Chilean Fjords Cruise Information

Summary : The vast Patagonian ice sheet that straddles the Andes mountains in South America is the third largest ice mass on the planet after Antarctica and the Greenland icecap. It is a remnant of the earth’s most recent ice age and dominates the landscape, ecology, and geology of Patagonia. Immense glacial systems cut through towering mountains as they move inexorably towards the sea. Take a look at any map of the region and this action becomes immediately apparent in the maze of fjords and islands that make up one of the earth’s last great remaining wilderness regions. Ancient boreal forests also tell a story of an evolving planet and the supercontinent of Gondwanaland. They are home to several species of flora only found in South America, New Zealand, and Australia’s most southerly state of Tasmania.
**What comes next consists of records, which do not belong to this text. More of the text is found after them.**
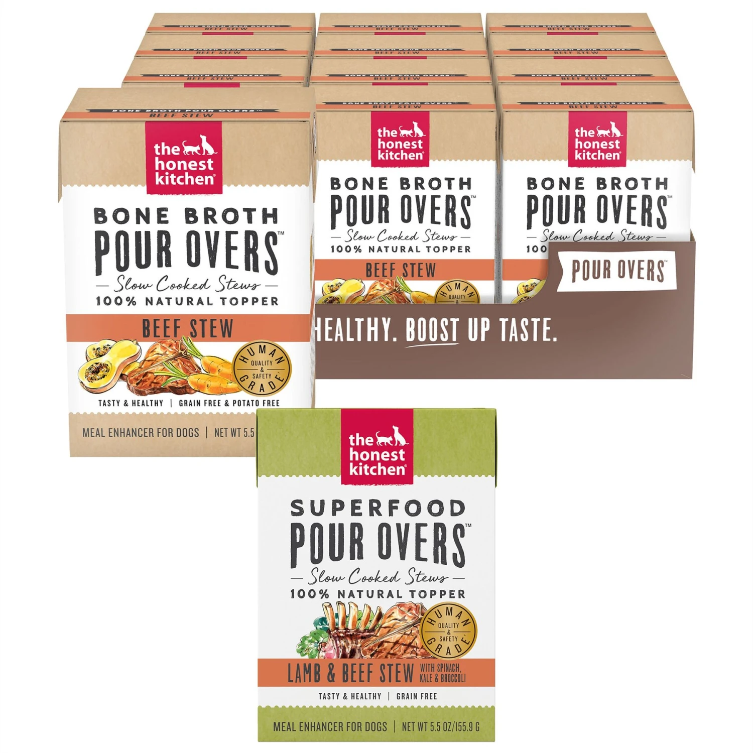 The Honest Kitchen Superfood POUR OVERS Lamb & Beef Stew with Veggies Wet Dog Food Topper, 5.5-oz, case of 12—When every day with your dog is special, mealtimes should be too. The Honest Kitchen Bone Broth POUR OVERS Lamb & Beef Stew with Veggies Wet Dog Food Topper helps change up your furry friend’s routine with some added flavor and nutrition. Your dog’s tail will start wagging for some ranch-raised lamb and beef, spinach, kale, broccoli and turmeric in a savory broth. And you’ll be happy knowing you’re treating your pooch to human-grade ingredients made in a human food facility. With a dish that’s free of artificial flavors and preservatives, GMOs, gums, carrageenan, feed-grade ingredients, meat meals and fillers—everybody say “Bone Appetit!”
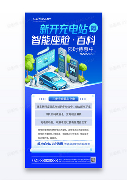 蓝色新开充电站智能座舱新能源充电桩汽车海报
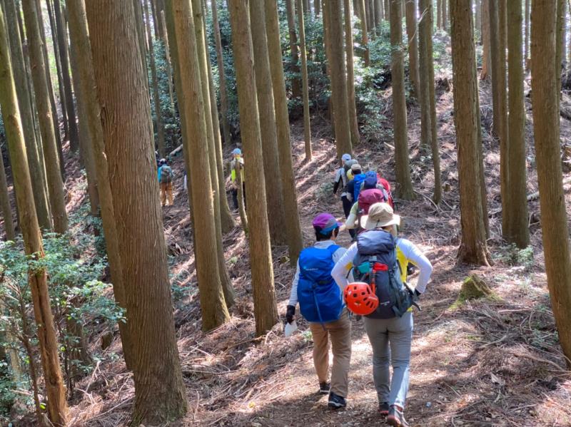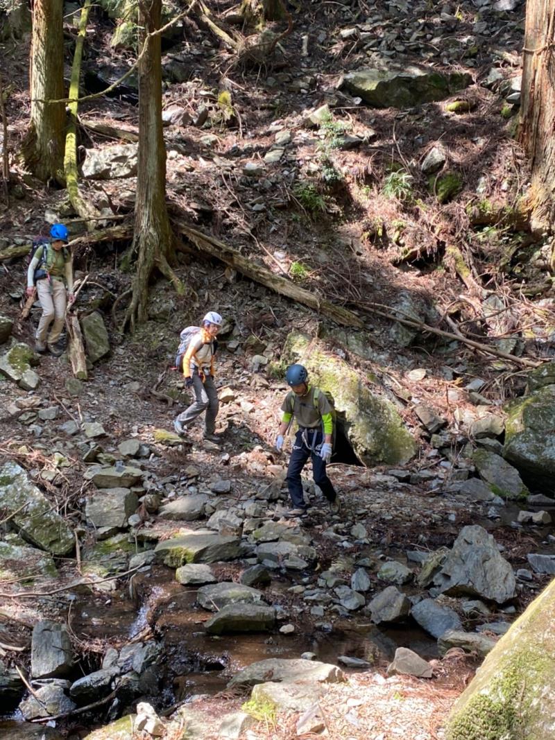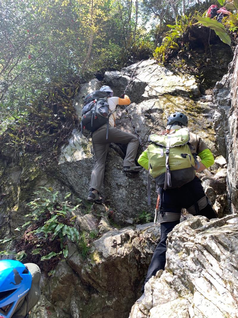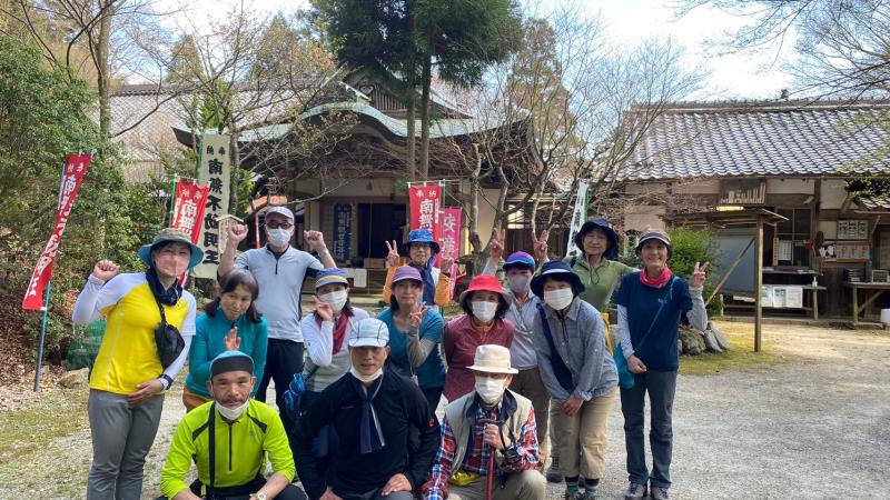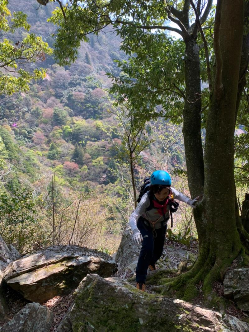 初夏を思わせるようなスカッと晴れた中、宇治田原の山奥、鷲峰山金胎寺の行場を巡りました。クライミング経験のある人には楽しいアスレチック感覚で、少し不慣れな人も前方後方からアドバイスされながら、短いながらスリルいっぱいの行場を楽しみ、平等岩から先は2グループに分かれ、クライミング組は平等岩をチャレンジ、ハイキング組は金胎寺本堂裏にある鷲峰山山頂と地図上は釈迦岳山頂にある鷲峰山の一等三角点をタッチしに行きました。(Y・K)

Commencing in Ushuaia, make your way north through a vast network of deep fjords and channels, occasionally venturing out to the Pacific Ocean as the ship navigates toward Valparaiso, Chile’s historic deep-sea port. Explore your surroundings by Zodiac boat, approaching huge glaciers and observing resident and migratory wildlife and birdlife. On shore, enjoy hikes of varying durations to outstanding viewpoints in the company of knowledgeable guides. In addition, visits to small coastal communities showcase the unique way of life of local inhabitants, telling a story of both indigenous and European settlement.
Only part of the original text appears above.